For the past five years, Boise State has maintained a research presence at the park. In exchange, Mozambican students also study at the IBO. The partnership, which contributes to the study of birds as their populations recuperate in a restored landscape, is training a new generation of wildlife experts.
Boise State has supported the park in ways beyond academics. In early 2020, as the pandemic escalated into an urgent global crisis, volunteers at the university printed hundreds of face shields using 3D technology for park rangers and medical personnel serving the nearby communities.

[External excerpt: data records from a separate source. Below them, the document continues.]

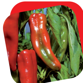
Peperone corno rosso

Pianta molto vigorosa. Produce splendidi grappoli con 10/15 frutti dal sapore dolcissimo, polposi e saporiti del peso di 15/20 gr. A forma di dattero. La buccia è estremamente sottile di un bellissimo colore rosso brillante. L'alto contenuto di licopene gli conferisce un sapore particolare. Ottimo sia fresco sia da sugo.
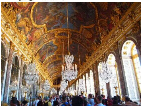
窓の光が反射してギンギラタタ 鏡はなかなか汚かったデス。笑
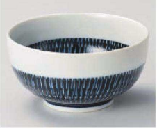
イ323-269 藍色トピカノお好み丼 大 φ16×8.4cm(磁) JPN 1,250円 イ323-279 藍色トピカノお好み丼 小 φ13.2×7.4cm(磁) JPN 950円
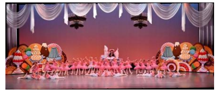
バレエステージ バレエブランアート
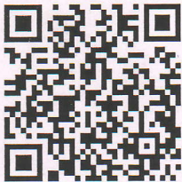
ГРАФИК ПЛАТЕЖЕЙ* к договору (контракту) от 28.10.2022 г. № 163324
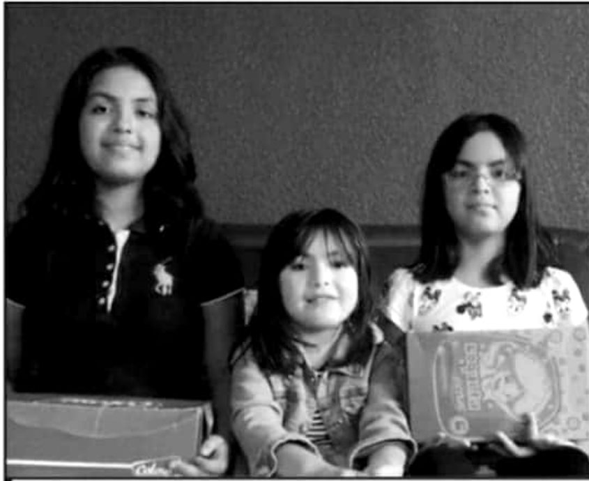
CON EL PROGRAMA DE CALZADO ESCOLAR, LOS MENORES SE VEN BENEFICIADOS AL RECIBIR EL IMPORTANTE APOYO.

A su vez, la diputada local hizo llegar a diversos domicilios el calzado escolar que le solicitaron a través de su casa de gestión y por medios electrónicos, a los menores en las colonias y comunidades del
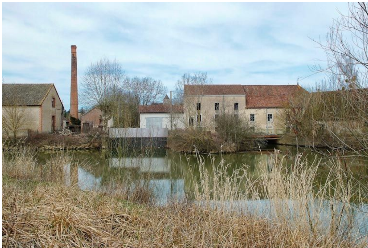
Vue d'ensemble des moulins de Branges, prise d'amont. Cheminée à gauche. 71, Branges R. D. 167
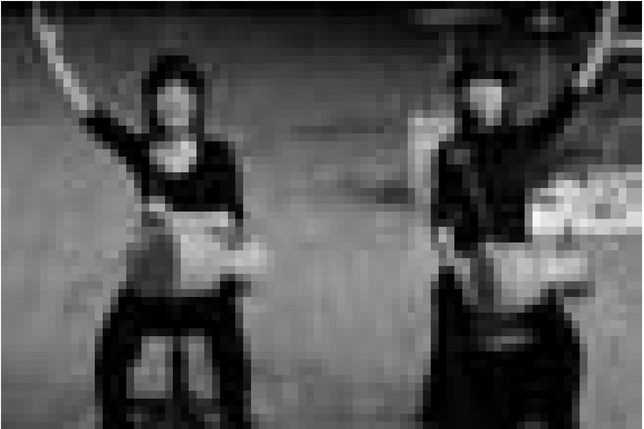
Le duo taiwanais NanaFormosa fera vibrer le Centre des Arts pluriels d'Ettelbrück, ce dimanche 28 février.
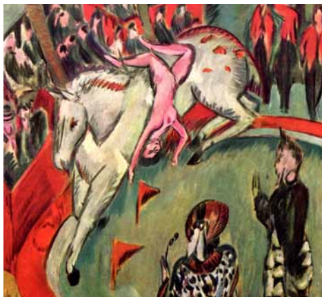
Ernst Ludwig Kirchner: Die Zirkusreiterin

Anlässlich der Ausstellung in Baden-Baden 2018/19
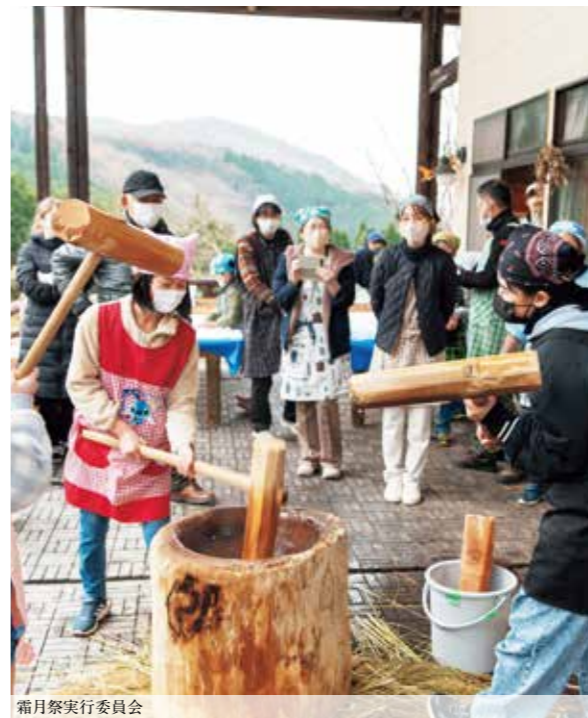
霜月祭実行委員会
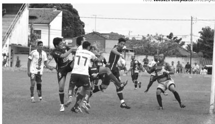
EMBATE - Asa Branca e Grêmio Cecap fazem clássico em Alfredo Guedes no Dia dos Pais

Pela Série A, em Alfredo Guedes, entram em campo as equipes do Grupo B. O destaque do dia promete ser o confronto entre Asa Branca e Alfredo Guedes, que abre a rodada às 8h. Com três
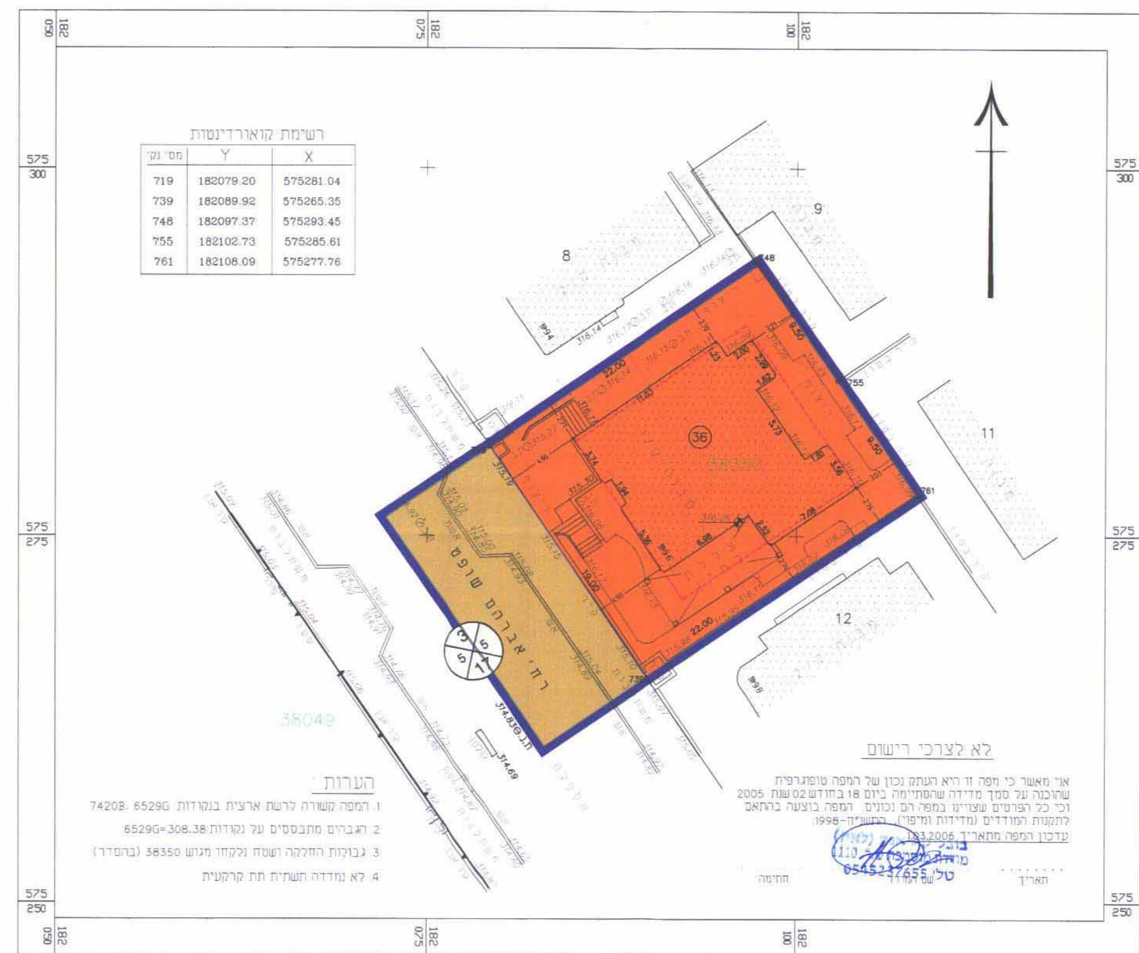
מצב מאושר קני"מ 1:250
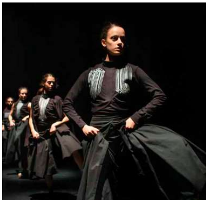
Omen of Farisa , Danae & Dionysios
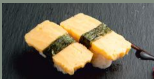
Omelette (3) 4.20€

Michel Sousa, a Mozambican student at Boise State pursuing a career in public health, said at the time that the gift had the power to affect the lives of thousands of people.
“It is true that a virus can spread around the world,” she said, “but an act of kindness will also spread.”
Boise State has also partnered with the park on Our Gorongosa coffee, a program whose sales directly benefit Gorongosa’s efforts to educate women, conserve wildlife and reforest the park, as well as Boise State’s Intercollegiate Knights endowed scholarship for students from foster care backgrounds.
Greg Carr has committed to 30 years of restoration efforts at Gorongosa.
“The Gorongosa Restoration Project is not only about protecting nature via the national park, but also supporting the communities who share the greater ecosystem,” Carr said. “Boise State University is the ideal strategic partner because we engage with departments across the university, in natural sciences, social sciences, health care, and humanities. We are multi-disciplinary and so is Boise State. As an Idahoan, I am particularly proud of Boise State’s growth into a nationally
respected research university.”
(upbeat music)
[Gabriela Curtiz, Business Administration Student] Hi, everyone. My name is Gabriela Curtiz. I’m from Mozambique, Southern Africa country. I work in Gorongosa National Park as a safari tourism guide. Being a guide means a lot for me, not only get a job and money, but yes means that I get to share my spiritual values about nature with visitors from all over the world, and also teach people about environment and make them connected deeply with nature in their soul.
So I’m earning a degree in Business Administration in Boise State University so that one day I become more than a guide. I want to be able to create employment for people in my community, I want to be able to maybe to open my own company one day. I just wanna be able to help my community with what I’m studying. I think we can be a scientist. We can be many things, but we need a knowledge about business, how to manage people, how to manage a national park, how to manage a company, human resource. It’s all important. That’s why I chose business administration so that I can help people in my country, in my community.
(applause)
I feel like most of people view Africa as a very poor country so, we know… even if it’s true, I want students to view differently in different way. African’s not about sad things. It’s about also being happy resilient, confident with ourselves and with a smile in our face every day. I want to make this connection with the students here in the Boise State. So after I graduate from Boise State, I want to go back to my country and work in the park, make employment, stay close to my family and help people. I can inspire one person in my community. I can inspire one person in the world that will make change. So, together we go far and alone you go fast. I feel like we need to help each other. We need to work together to make this world better.